Characterizing Protein-Protein Interactions Using Mass Spectrometry: Challenges and

2016 
During the past decades, mass spectrometry (MS)-based proteomics has become an important technology to identify protein–protein interactions (PPIs). The application of a quantitative filter in protein enrichments from crude lysates to discriminate bona fide interactors from background proteins has proved to be particularly powerful. Recently, many different approaches to identify PPIs have been developed, including proximity-ligation technology and global interactome profiling based on the co-behavior of protein complexes in biochemical purification or perturbation experiments. Furthermore, methodologies have been introduced that provide information regarding the stoichiometry and topology of detected PPIs. We review these novel methodologies and emphasize the need to miniaturize workflows to analyze protein interactions in biological and pathological contexts where sample amounts are limited. Identifying PPIs Using MS Many proteins exert their functions within cells in the context of protein complexes.

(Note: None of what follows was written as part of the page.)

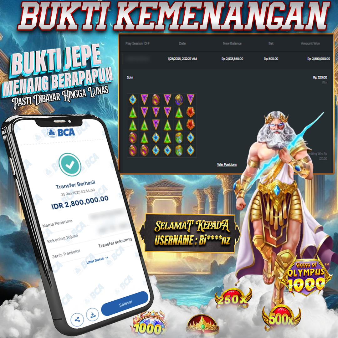 PESIARBET Bukti Kemenangan Slot GATES OF OLYMPUS 1000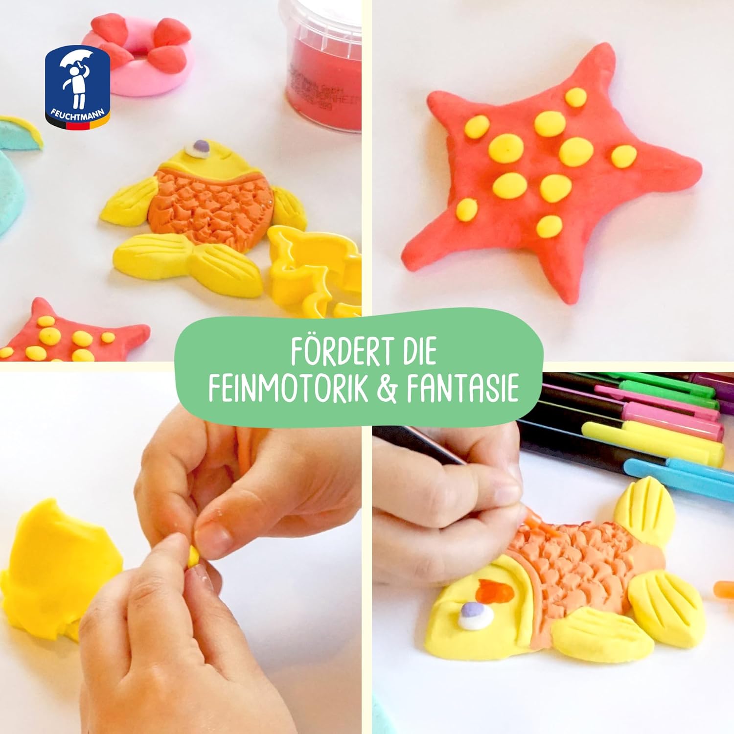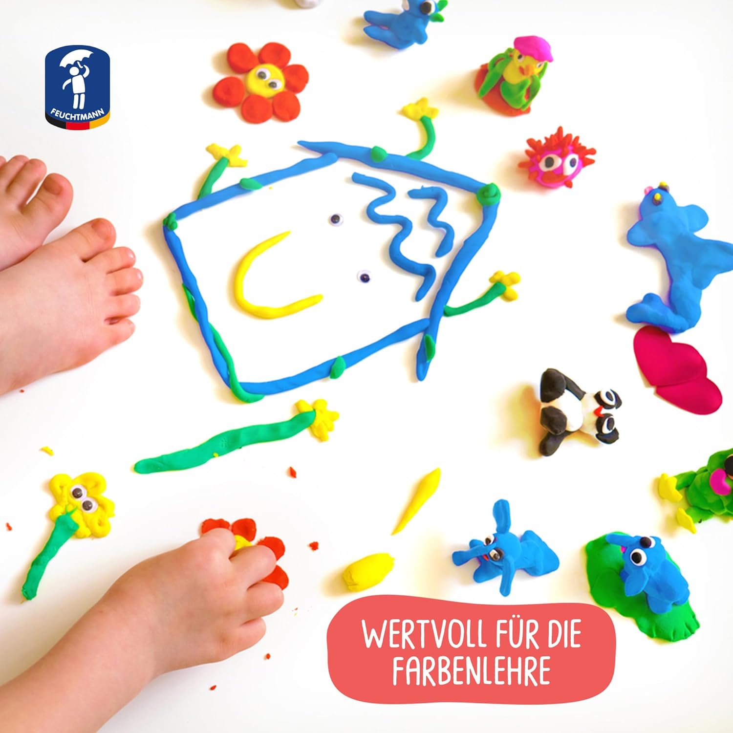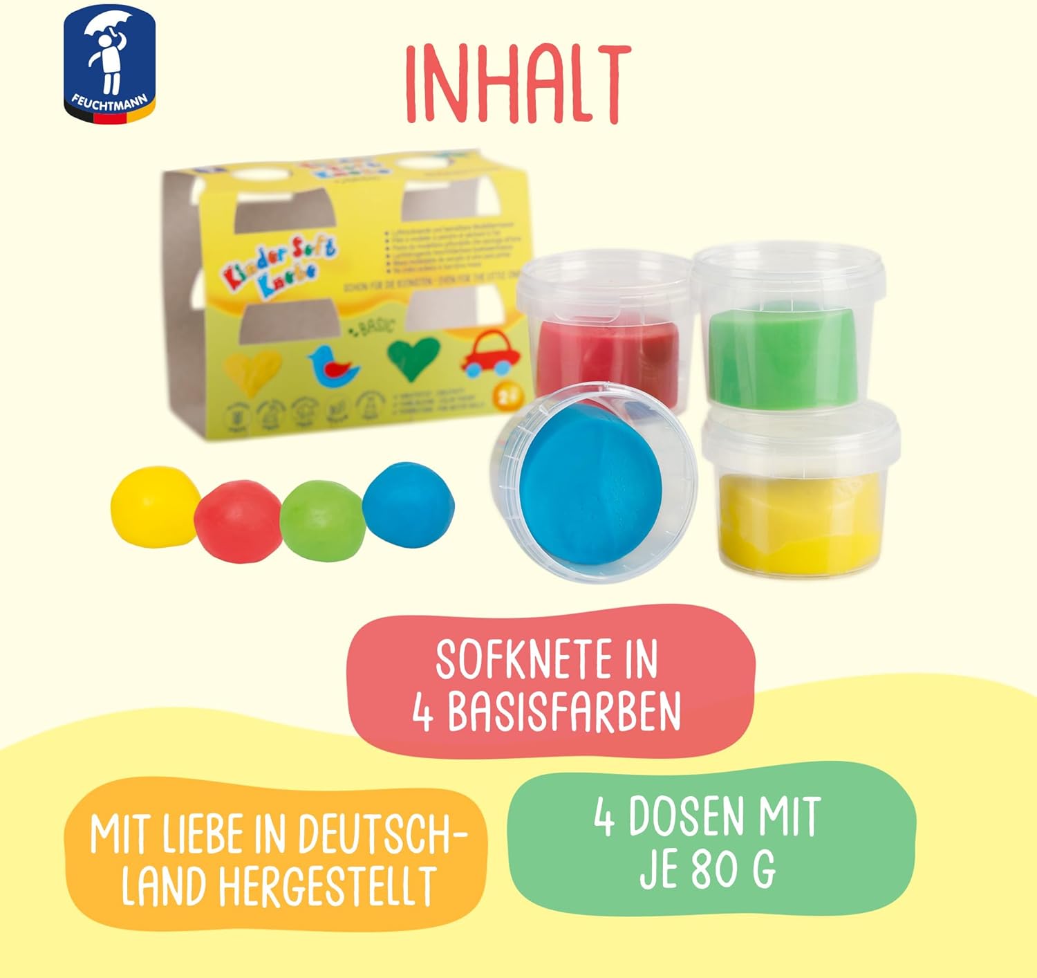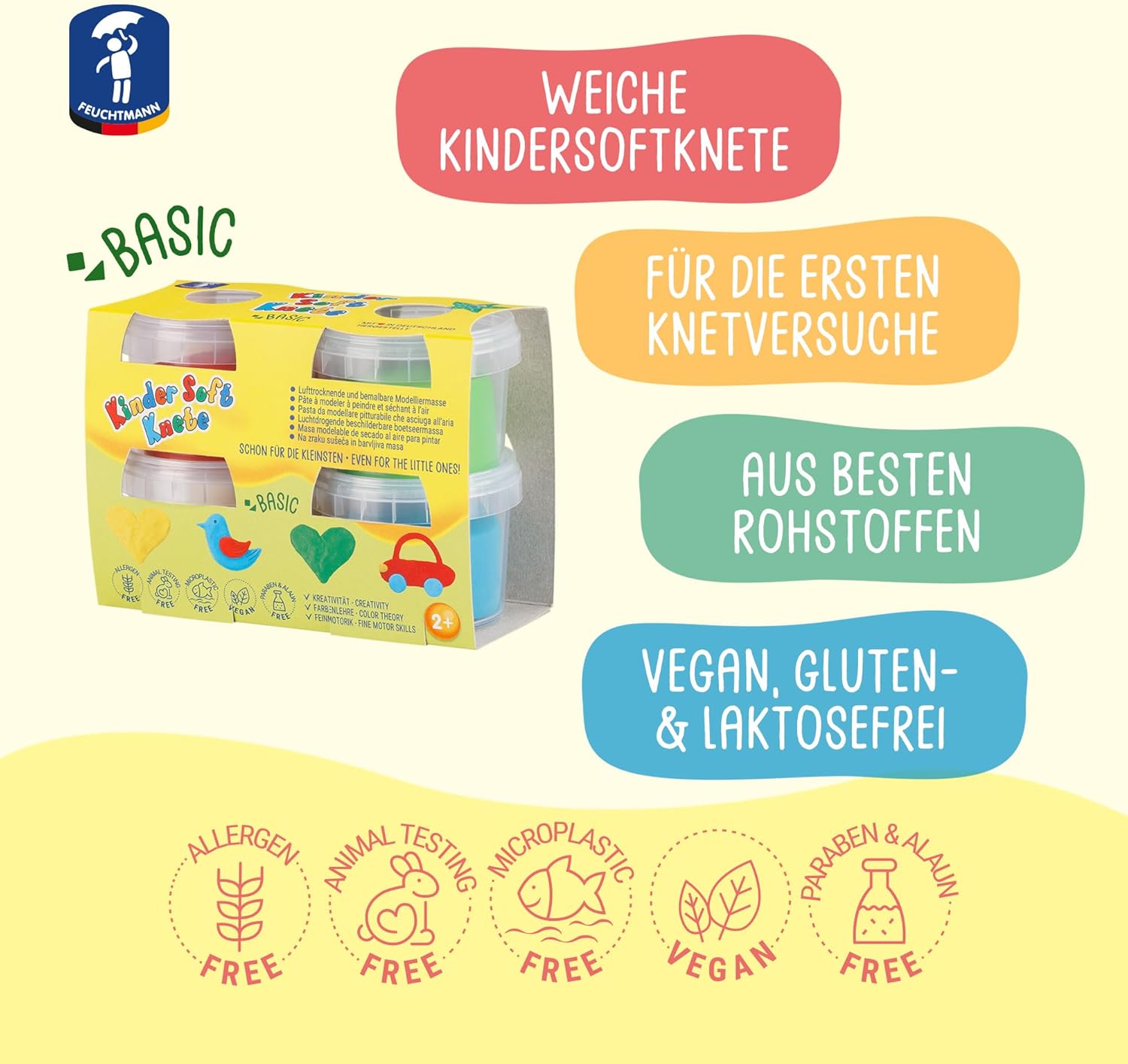 DIVERTIMENTO IMPASTO: Feuchtmann KIDS SOFT KNETE 4 x 80 g di pasta da modellare essiccabile all'aria e verniciabile per bambini dai 2 anni in su. SOFT: pasta da modellare meravigliosamente morbida, particolarmente apprezzata dai bambini piccoli. Il Feuchtmann KINDER SOFT KNETE è perfetto per l'artigianato, per i primi tentativi di impastare ed è ideale per l'impastatrice. CREATIVO: i bambini dai 2 anni in su possono sviluppare le loro capacità motorie e creatività con KINDER SOFT KNETE. Può essere scolpito, miscelato, asciugato all'aria e persino dipinto! SICURO: solo con ingredienti biologici di alta qualità come la fecola di patate! La sicurezza incontra qualità, sostenibilità e trasparenza. Soddisfa i requisiti più elevati ed è testato da laboratori indipendenti! SICURO: vegano, senza glutine, senza lattosio, senza proteine e senza arachidi! Quindi assolutamente sicuro per chi soffre di allergie! Prodotto in Germania con le migliori materie prime!

Therefore, identifying protein–protein interactions (PPIs, see Glossary) is pivotal to gaining insight into the biological function of proteins. During the past decades, MS-based proteomics has become the method of choice to comprehensively identify PPIs. Initial studies used tandem-affinity purification (TAP) to purify the protein of interest and its interactors [1,2]. Sequential affinity purifications typically result in a relatively pure sample. However, modern mass spectrometers detect even the smallest contaminations in these samples. To distinguish contaminants from real interactors, a quantitative filter thus needs to be introduced. In quantitative MS-based proteomics these filters typically rely on the introduction of isotope labels or the use of sophisticated normalization algorithms for label-free quantification [3]. These workflows enable high-confidence PPI identification from single-step affinity purifications (reviewed in [4]).